Many aging indices have been proposed in the literature for the characterization of PMBs: most of them do not provide coherent results when associated with evidences in terms of the morphology or mechanical performance of these type of materials. Therefore, a better understanding of such evolution is needed in order to improve the testing protocol that is suitable for evaluating the short-term aging of PMBs.

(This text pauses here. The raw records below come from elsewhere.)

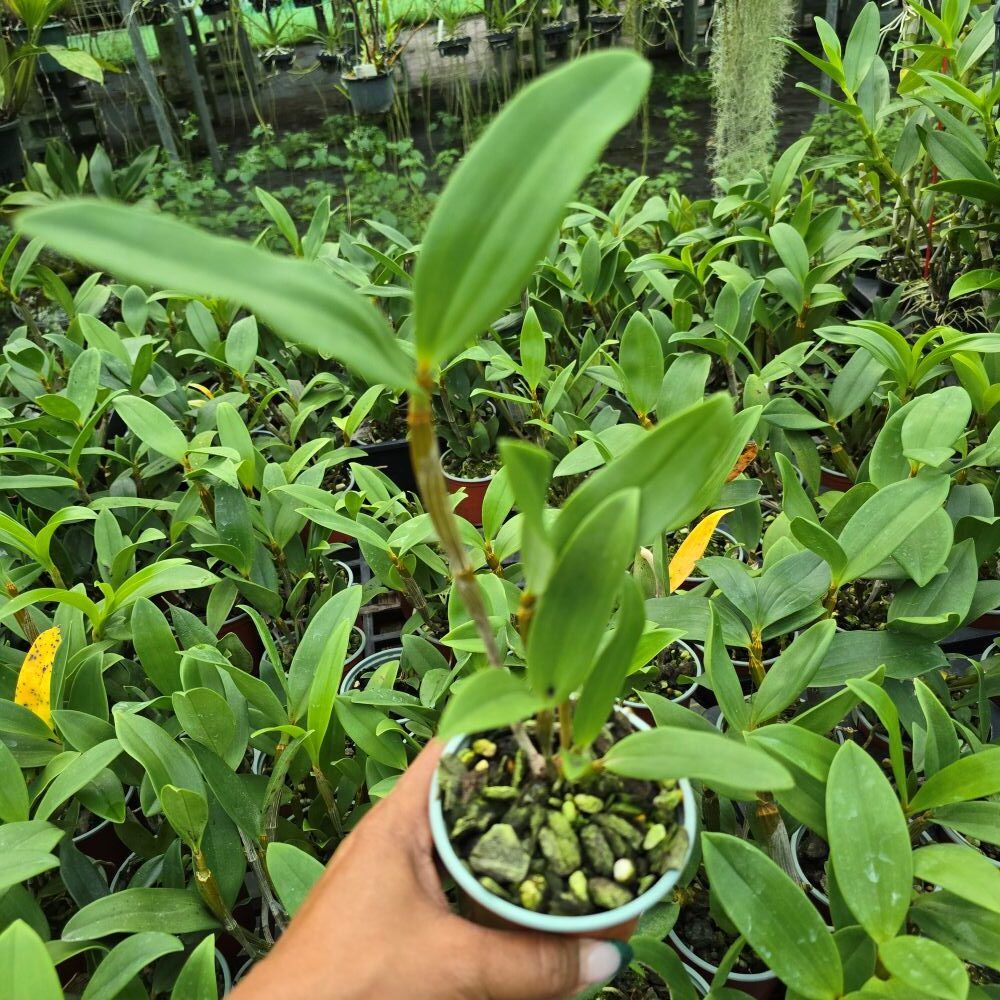 This is a fantastic species from section densiflora, and is native to Hainan China and Vietnam. It is a cool to warm grower that produces clusters of pendulous flowers off of the mature canes. Grow in medium light levels. This species typically flowers between April and June.
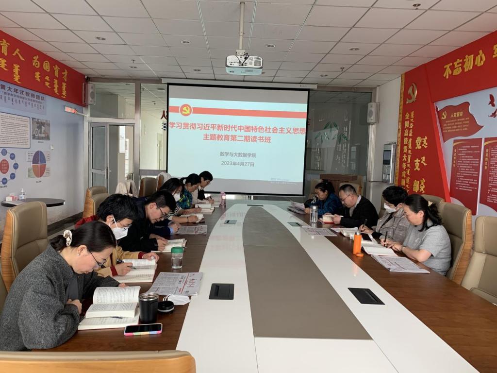 4月27日下午,数学与大数据学院党总支在综合楼807黄大年式教师团队党支部活动室举办学习贯彻习近平新时代中国特色社会主义思想主题教育第二期读书班。党总支副书记郝喜凤主持会议,副院长额尔敦其其格以及全体教工党员参加会议。
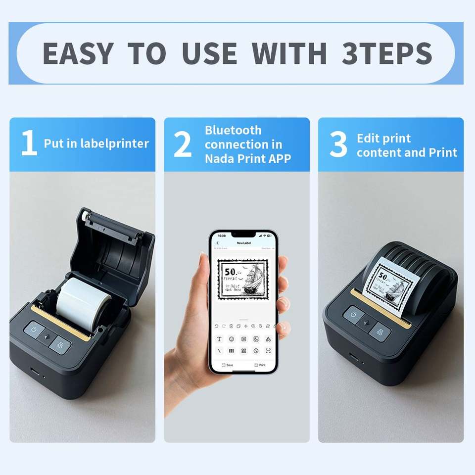 Impresora Portátil de Etiquetas Térmicas de 2 Pulgadas con Batería de 2000 mAh y 203 dpi - En Stock para Pequeñas Empresas, Impresión de Códigos de Barras y Direcciones
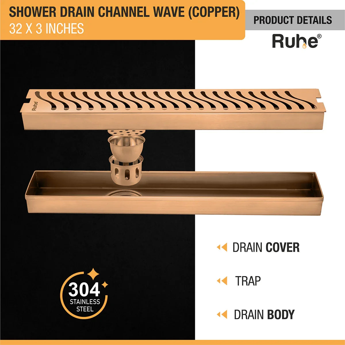 Ruhe Wave Shower Drain Channels made with 1mm Thick 304-Grade Stainless Steel have a beautiful Rose Gold PVD Coating that offers a luxurious look and are meant to handle large volumes of water, come with a Side Hole (customizable), Drain Frame/Tray, Grating Top, Cockroach Trap and a 10 Years Warranty.
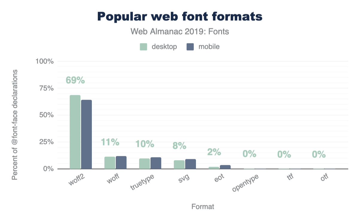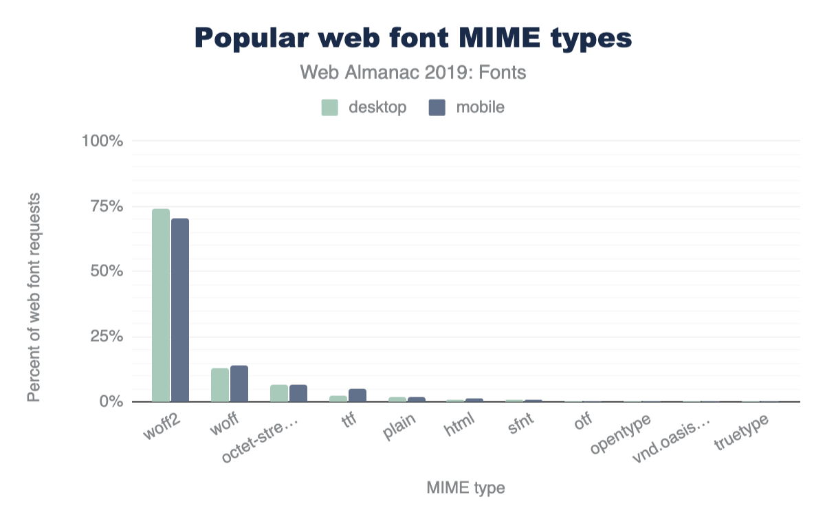 From my perspective, an argument could be made to go WOFF2-only for web fonts after seeing the results here. I wonder where the double-digit WOFF usage is coming from? Perhaps developers still serving web fonts to Internet Explorer?
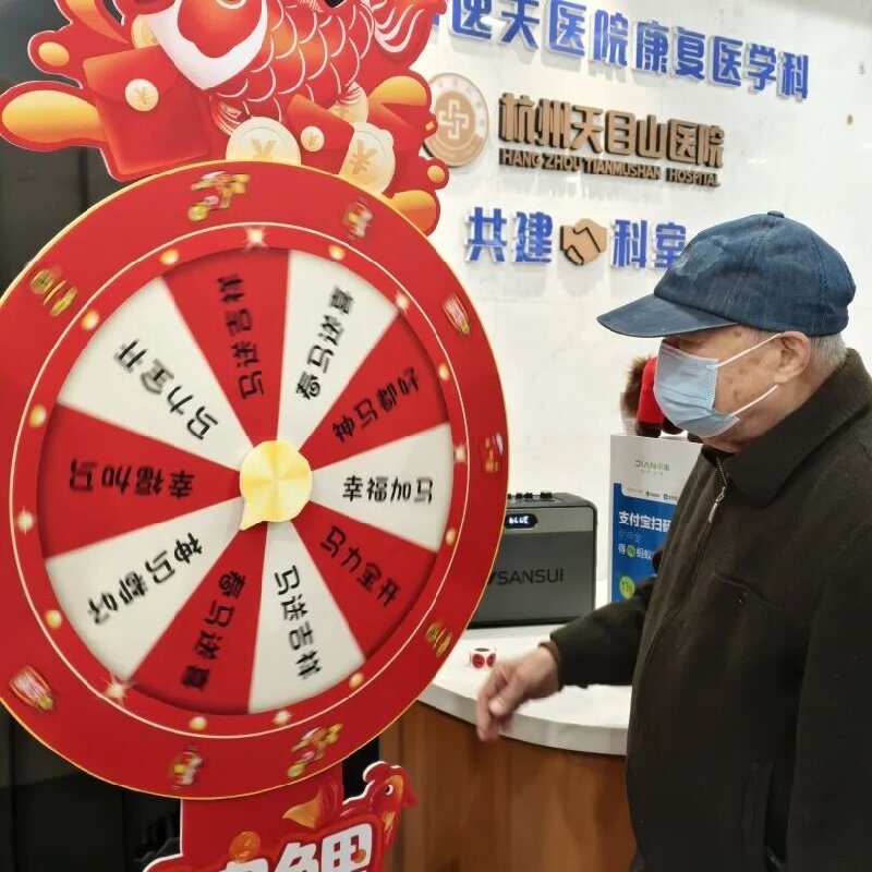 活动尚未正式开始,便吸引了大批患者驻足围观。不少患者在医护人员及家属的陪同下,徜徉于彩灯之下,或凝神思索,或互相探讨。大家积极参与,开动脑筋,每当解出一道谜语,便迫不及待地交予现场工作人员核对答案。活动规则规定,集齐五张谜底,即可获得一次转盘抽奖的机会。这一设计极大地激发了大家的参与热情,现场人头攒动,欢声笑语不断,气氛热烈。
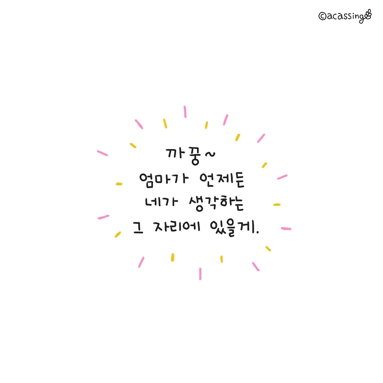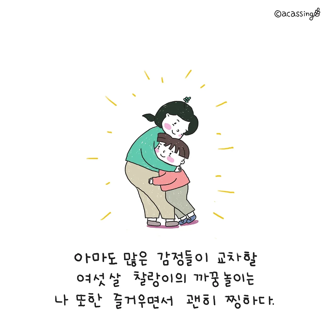 찰랑이가 성장하는 그 길에서도 까꿍으로 수시로 안아주고싶다. 아이가 길고 긴 자신의 길을 걷고 뛸 때 즐거울 때도 있지만 때로는 지치고 힘이 들고 또 버거운 순간이 올 것이다. 그때 언제라도 아이가 생각하는 그 자리에 서서 기다렸다는 듯 까꿍 하며 웃어 주고 싶다. 그렇게 따뜻한 위로이자 안도의 까꿍을 건네고 싶다.
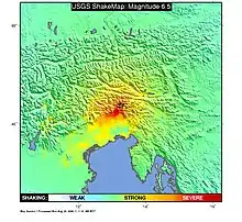 USGS ShakeMap showing the intensity of the 1976 Friuli earthquake
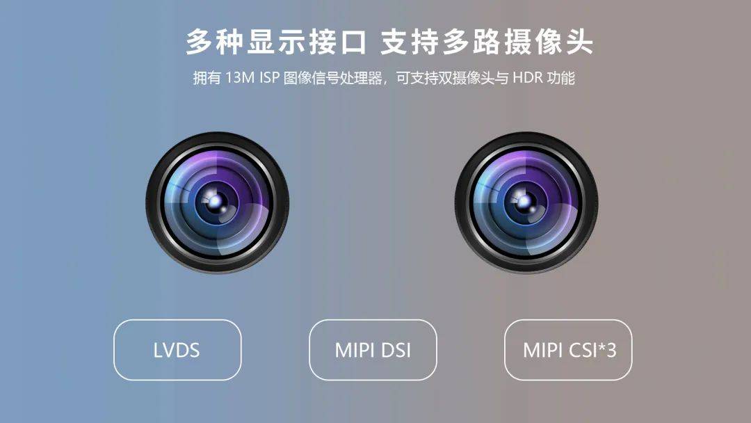 支持单路MIPI-DSI,支持到2048*1080@60fps,单通道LVDS,支持800*1280@60fps,拥有13M ISP图像信号处理器,可支持双摄像头与HDR功能,视频输入接口可外接摄像头或用于扩展多路摄像头的输入能力。
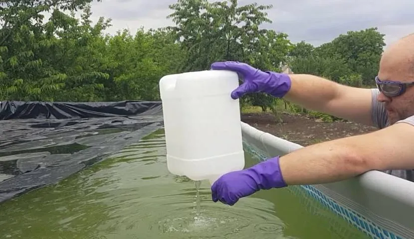 Дезинфицирующий состав наливают в садовую лейку или пластиковую канистру. Проливают из нее по периметру бассейна. Система фильтрации при этом должна работать, чтобы пергидроль быстрее перемешивался и распределялся по всему объему.
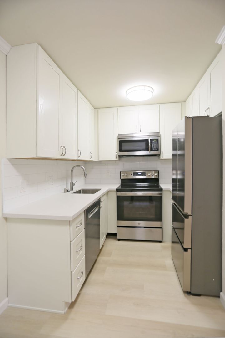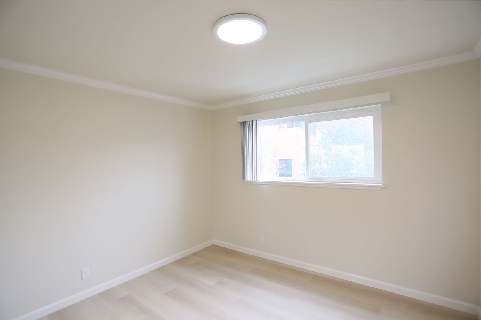 Contemporary 2BR/1BA. Floors are hardwood except in bath. Open living room has kitchen inset to one side with a space for a dining arrangement at its front. Kitchen's all stainless appliances include electric stove, dishwasher and microwave. Both bedrooms have closets with sliding mirror doors. One of the bedrooms provides access to the deck. Bath has shower-over-tub with sliding glass doors.
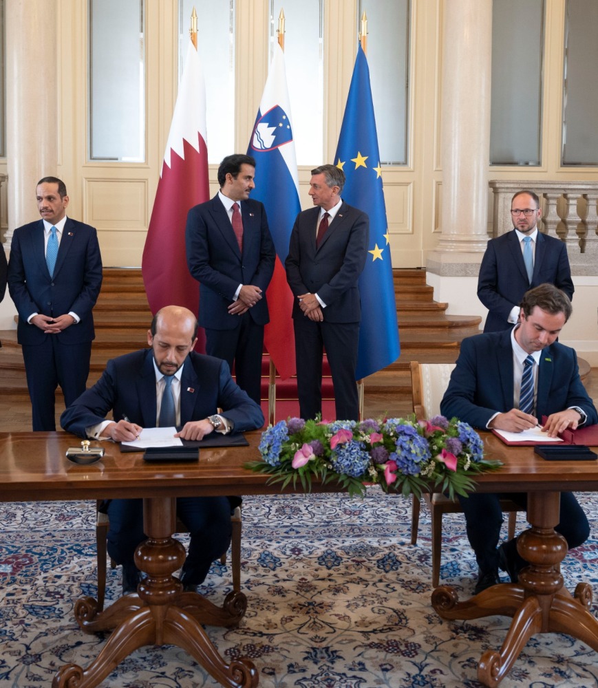 عقب ذلك شهد حضرة صاحب السمو أمير البلاد المفدى، وفخامة رئيس جمهورية سلوفينيا، التوقيع على مذكرة تفاهم بين قطر القابضة ووكالة سبيريت لتشجيع ريادة الأعمال والاستثمارات الأجنبية والتكنولوجيا في سلوفينيا.
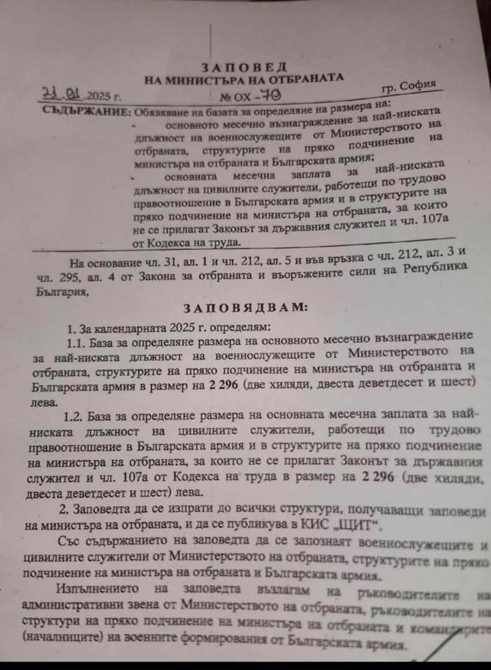 Военният министър Атанас Запрянов издаде заповед, с която обяви базата за определяне на размера на основното месечно възнаграждение за най-ниската длъжност на военнослужещите от Министерството на отбраната, структурите на пряко подчинение на министъра на отбраната и Българската армия, както и основната месечна заплата за най-ниската длъжност на цивилните служители, работещи по трудово правоотношение в Българската армия и в структурите на пряко подчинение на министъра на отбраната, за които не се прилагат Законът за държавния служител и чл. 107а от Кодекса на труда.
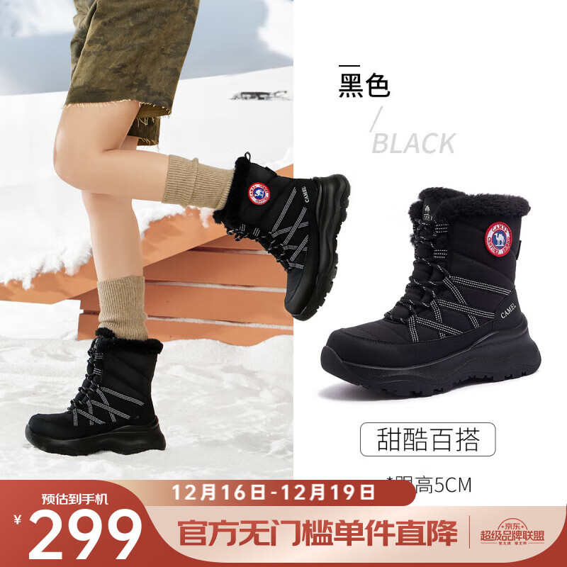 骆驼(CAMEL)女鞋2025冬季新款时尚雪地靴懒人毛毛鞋百搭加绒保暖防寒休闲靴 L25W577050 黑色 37

Therefore, an aging index based on the elastic component of the complex modulus, G′, over a wide frequency range has been calculated: the results prove that it provides clear information on the mechanical effect of aging on the binders studied and that the effect of polymer introduction is substantially based on it. In particular, effect of laboratory-induced aging is strongly reduced by the polymer introduction, regardless the type of polymer used for modification, while the crossover temperature after aging and/or thermal stress increases to a constant value that seems to be a characteristic of the base binder that is not related to the modification or to the type of modifier.

Furthermore, the results also prove that the variation in the properties of the bitumen after polymer modification depends—to some extent—not only on the type and content of the polymer added, but also on the thermal stress induced during the production of the PMB, as seen when comparing the results for the PMBs produced and those for the base bitumen subject to high shear mixing at high temperature.